US Pharm. 2007;32(4):11-15.

The pharmacist is often asked about dermatologic conditions. Few are potentially life-threatening. Dermatologic problems range from trivial (e.g., mosquito bites, solar lentigines) to those that cause major discomfort (e.g., poison ivy, plantar warts, tinea pedis). One of the more common dermatologic complaints is contact dermatitis, which can exhibit various combinations of scaling, vesiculation, fissuring, and weeping, and can be found on any area of the epidermis, as well as in areas with little or no stratum corneum (e.g., the lips).

Classifications of Contact Dermatitis
Contact dermatitis is classified by numerous schemata, such as causative agent, type of lesion, and duration (acute vs. chronic). To help pharmacists advise patients about possible causes and future avoidance, contact dermatitis can be classified as irritant or allergic in origin.1 Irritant contact dermatitis is tissue damage induced by nonimmunologic causes. In other words, the same damage would occur in any individual, since allergic hypersensitivity is not a factor. The irritant agents responsible encompass a variety of plants, chemicals, and substances. Patients with irritant contact dermatitis may have a history of working with insulation, a material that deposits irritant spicules in the skin. Their job may involve prolonged exposure of their hands to moisture, which can macerate the skin, predisposing it to irritant contact dermatitis. Patients may work with chemicals such as cleaning solutions, solvents, cosmetics, home repair materials, and acids and alkalis. They may garden, picking plants such as okra pods without gloves, allowing sharp spines to enter the skin. The patient could be a baby with diaper rash or an adult with incontinence dermatitis.2 When pharmacists counsel patients with dermatitis, it is helpful to describe potential irritants so the patient can identify them and avoid future episodes.

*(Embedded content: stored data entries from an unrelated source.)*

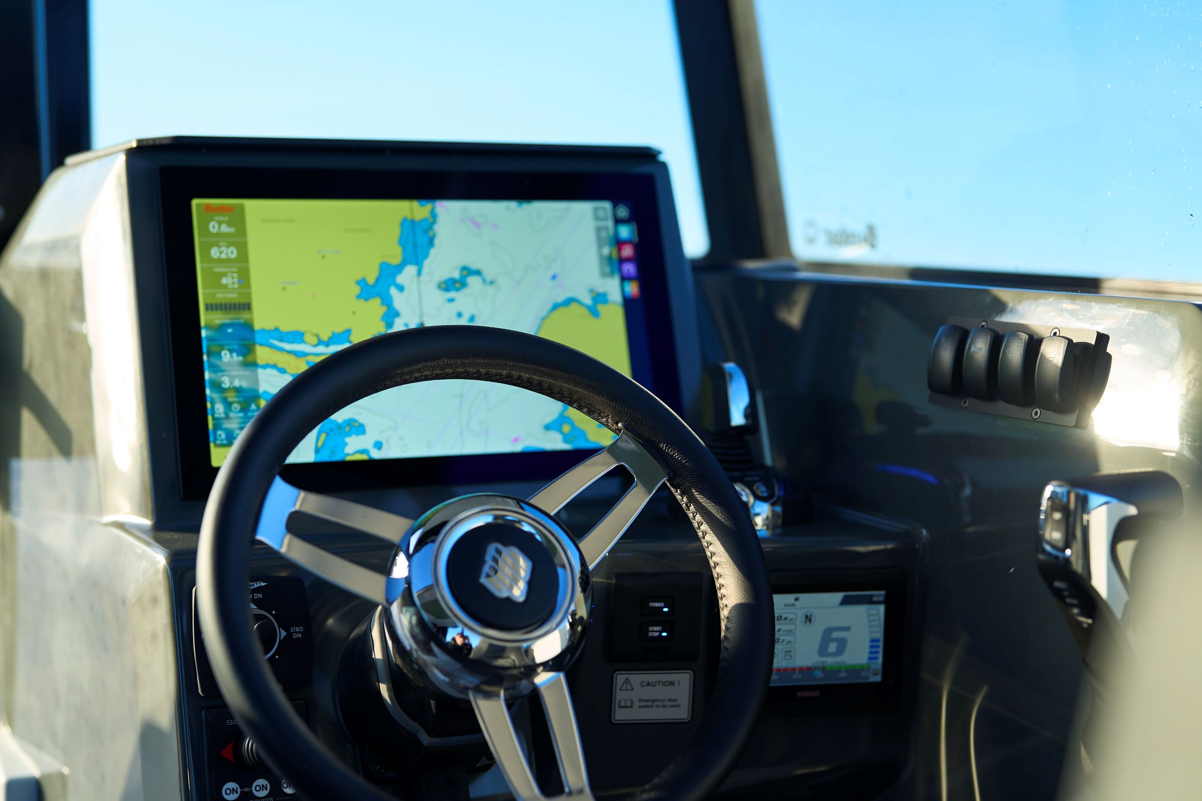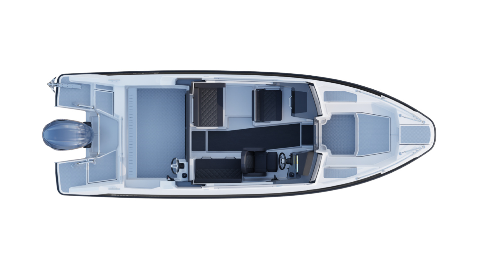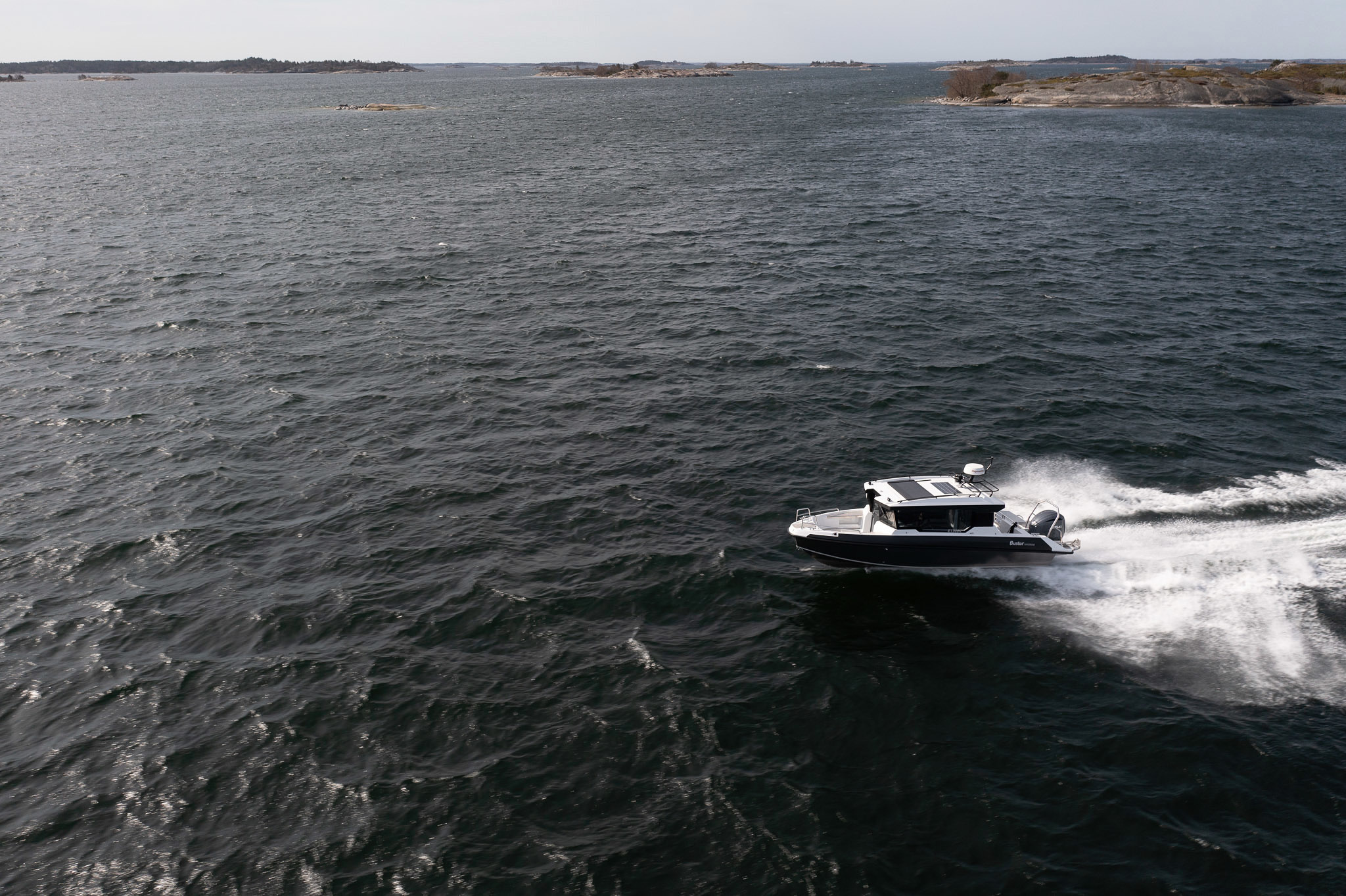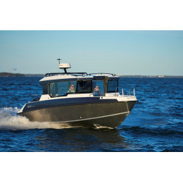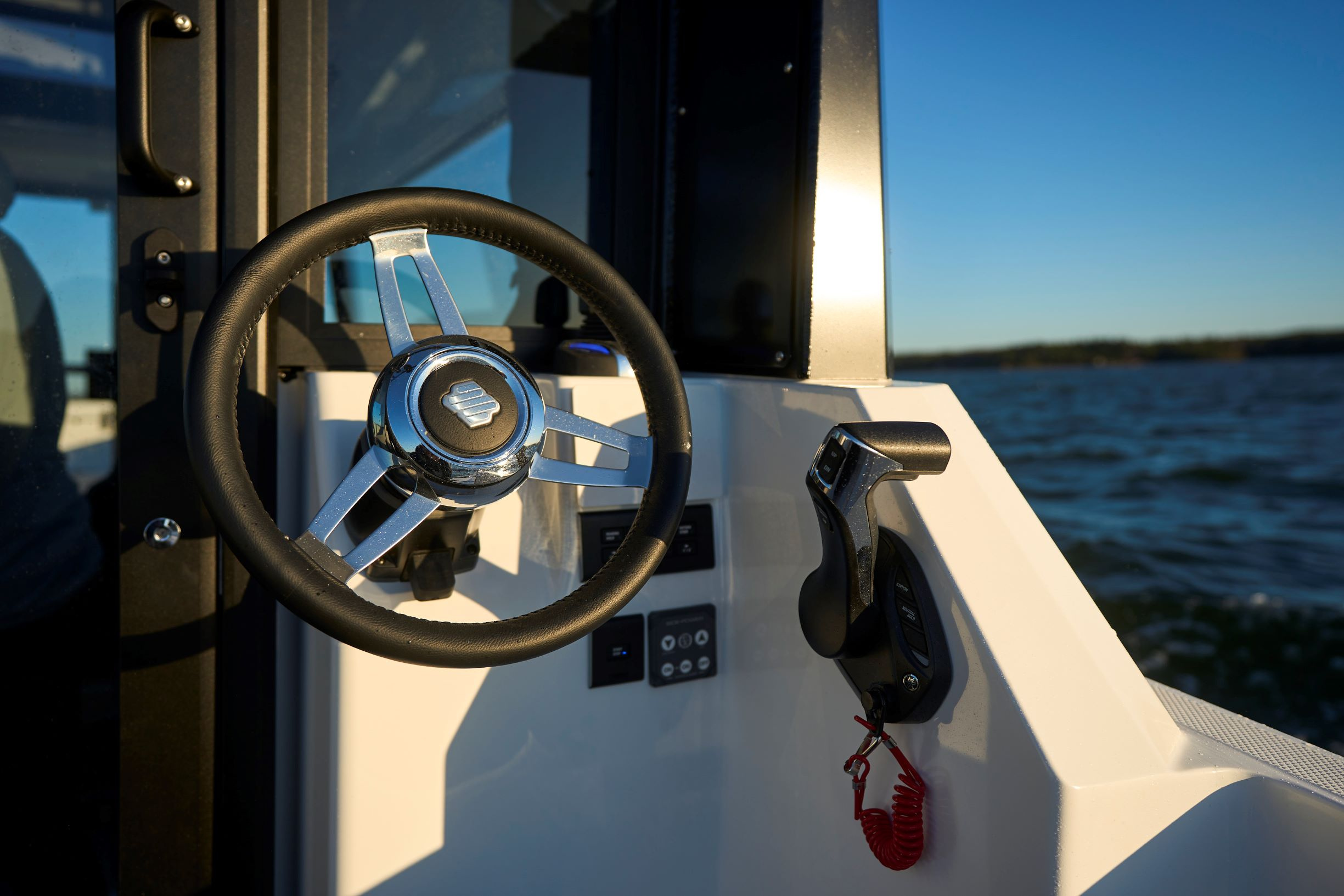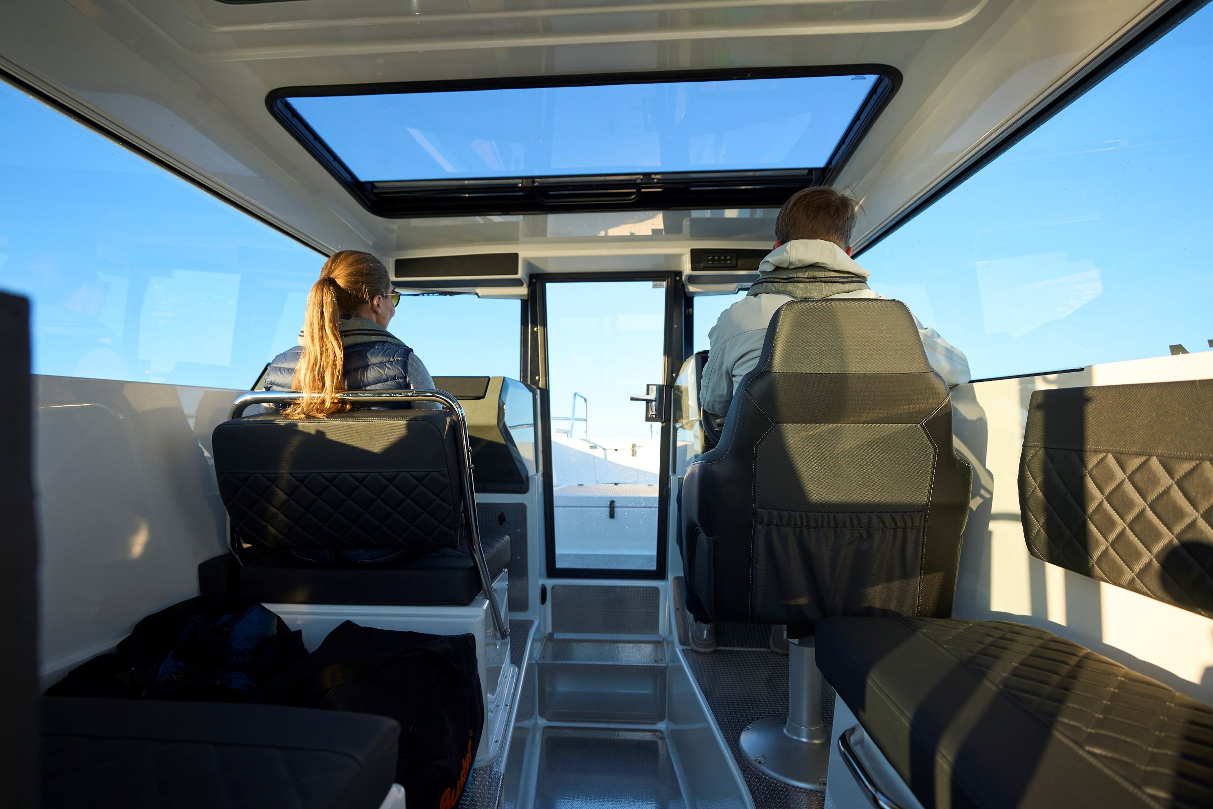 Kabina se vyznačuje průchozím designem, kromě toho je příď přístupná ze zádi vně podél pravé strany kabiny. Nastupování na loď je snadné díky prostorným přístupovým plochám a robustnímu zábradlí na přídi i zádi. Povrchy podlah uvnitř i vně jsou pokryty protiskluzovým vzorovaným hliníkovým plechem. Dvojité zábradlí usnadňují přístup z přídě, zatímco široká plavecká plošina, která sahá daleko na stranu přívěsného motoru, je snadno přístupná ze schůdků v pravém rohu zadní paluby. Kabina má šest míst k sezení a v krytém zadním kokpitu jsou k dispozici skládací lavice pro dva. Kokpit může být také vybaven volitelným venkovním kormidelním stanovištěm. Standardní výbava zahrnuje 16" chytrý displej Buster Q.
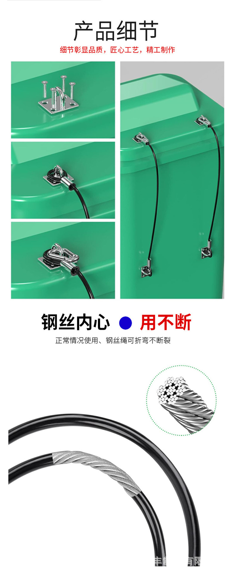 Cubierta de basura de acero inoxidable Cuerdas de alambre de acero Cerradura de cubierta metálica para cubierta de volcado de animales
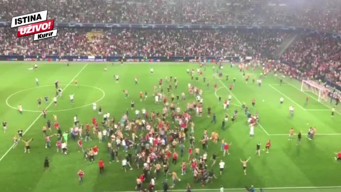 Posle utakmice veliki broj navijača Crvene zvezde uleteo je na teren i napravio opšti haos.
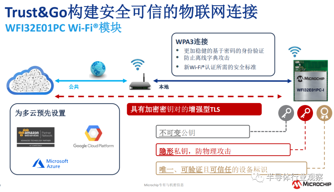 来到安全和可靠方面。除了上文谈到的Trust&Go外,Microchip通过还为这款产品的软件引入了WPA3连接支持和连接硬件加密加速器TLS,提升了身份验证的稳定以及防止了一些离线的字典攻击。
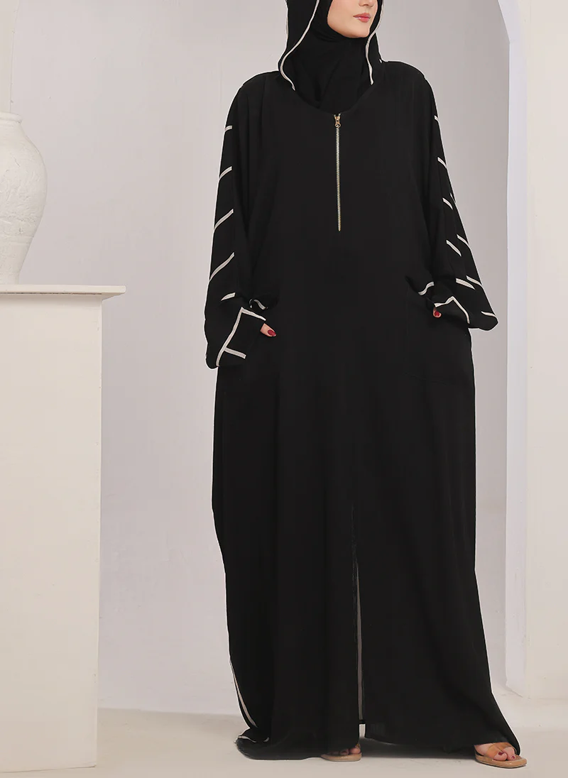 Cover yourself in style and modesty with our White Stripe Hooded Jilbab. This jilbab features a classic design with a modern twist of white stripes, perfect for any occasion. Stay comfortable and chic while maintaining your modesty.
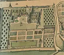 1750 : quatrième représentation connue du couvent et probablement la plus précise sous l'Ancien Régime, au temps des bénédictines et avant l'incendie de 1756 (extrait du "Plan de Joinville" dit de Contenot ; Hôtel de Ville de Joinville)
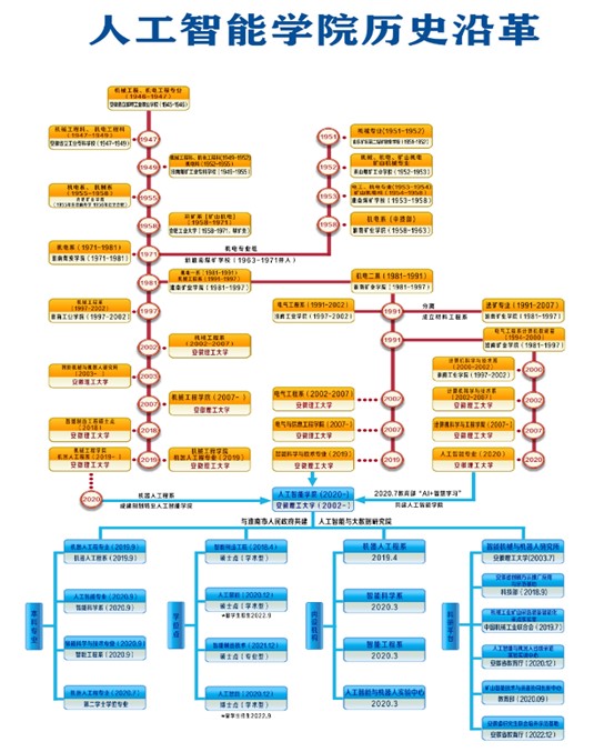 人工智能学院的办学历史可追溯至1945年安徽省立蚌埠高级工业职业学校的机电专业。
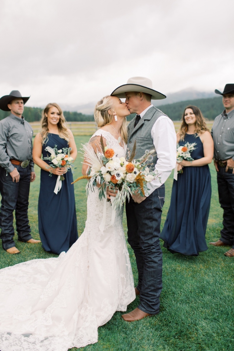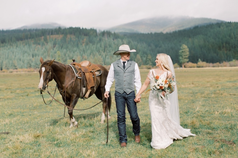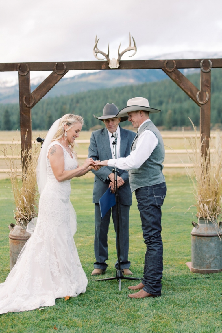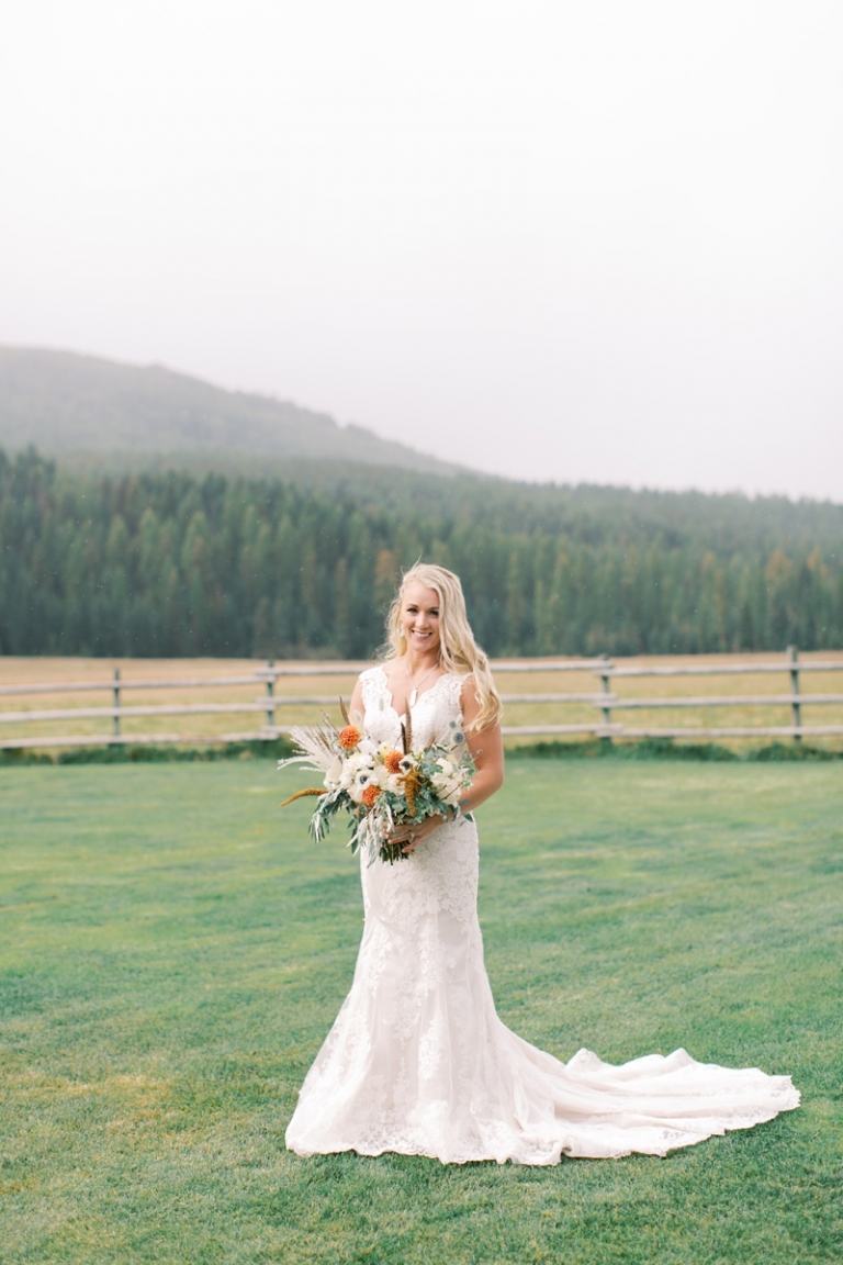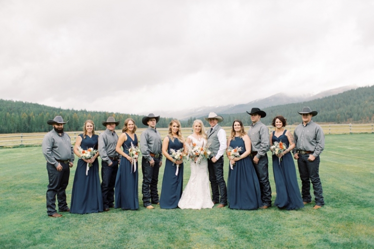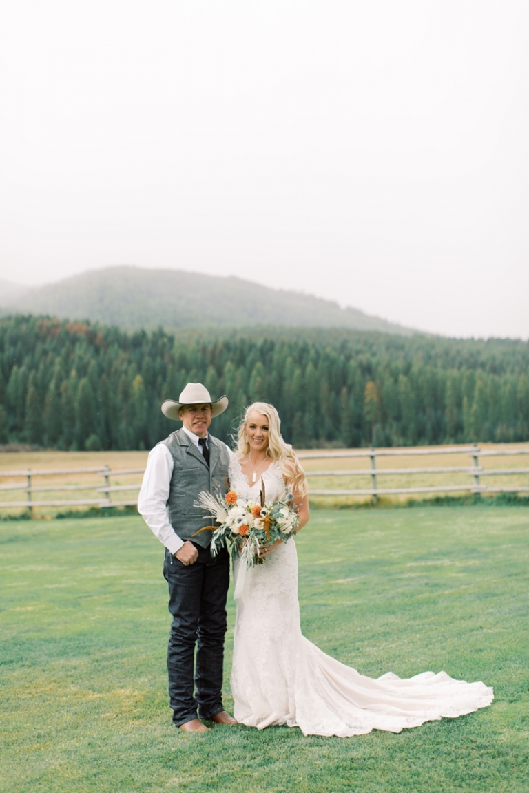 Stephanie wore an intricately laced dress and carried the most stunning bouquet with a variety of blooms and dried florals alike. The couple loved horses and brought them from Washington so they could be a part of their big day. Their western theme was done beautifully and was complimented by the venue. High Meadow Mountain Ranch is a stunning piece of property about 30 miles outside of Missoula. Their grounds and scenery were nothing short of jaw dropping.

The second major contact dermatitis classification is allergic. This is an immunologic, cell-mediated response that requires sensitization.3 The range of potential allergens is virtually unlimited. Humans produce manifold new chemical entities each year; most are potentially allergenic. Allergens include latex, nickel, rubber, epoxy resins, chromates, acrylics, topical medications (e.g., neo­ mycin, benzocaine, diphen­ hydramine), and poison ivy. Exploring potential allergens with the patient may aid in identifying and avoiding them.

Poison Ivy Dermatitis
Prevalence: Poison ivy is an appropriate focus of dermatitis for several reasons. It serves as a useful model of dermatitis in all respects (e.g., manifestations, avoidance). Furthermore, poison ivy causes more cases of allergic contact dermatitis than all other allergens added together. Thus, it is the dermatitis most likely to be encountered by pharmacists, and lessons regarding its treatment may be extrapolated to nonurushiol-induced contact dermatitis.

Poison ivy is the common name for the causative plant, but it is also the lay term for the contact dermatitis that arises from plant contact. The plant itself was once classified in the genus Rhus but has more properly been placed in the Toxicodendron genus. Poison ivy and its relatives (poison oak, poison sumac) produce a chemical, urushiol, to which 50% to 70% of the population can be sensitized. 2 While some individuals require exposure to large amounts of urushiols to have a reaction, millions of others react violently to minute amounts.

Patients allergic to poison ivy may also discover that they develop an allergy to mangoes.4-6 The fruit has become increasingly available in U.S. grocery stores. Peeling and eating the fruit allows the allergens to come in contact with the hands. 

Prescription Treatment: Standard prescription therapy for poison ivy is administration of prednisone in a tapering dosage over two to three weeks.1,7 Shorter "dose-paks" (e.g., methylprednisolone) can be frustrating for the patient, since poison ivy often lasts longer than the tablets. As the tapering regimen of these shorter dose-paks reaches completion, urticaria may reappear with a return of the accompanying severe pruritus.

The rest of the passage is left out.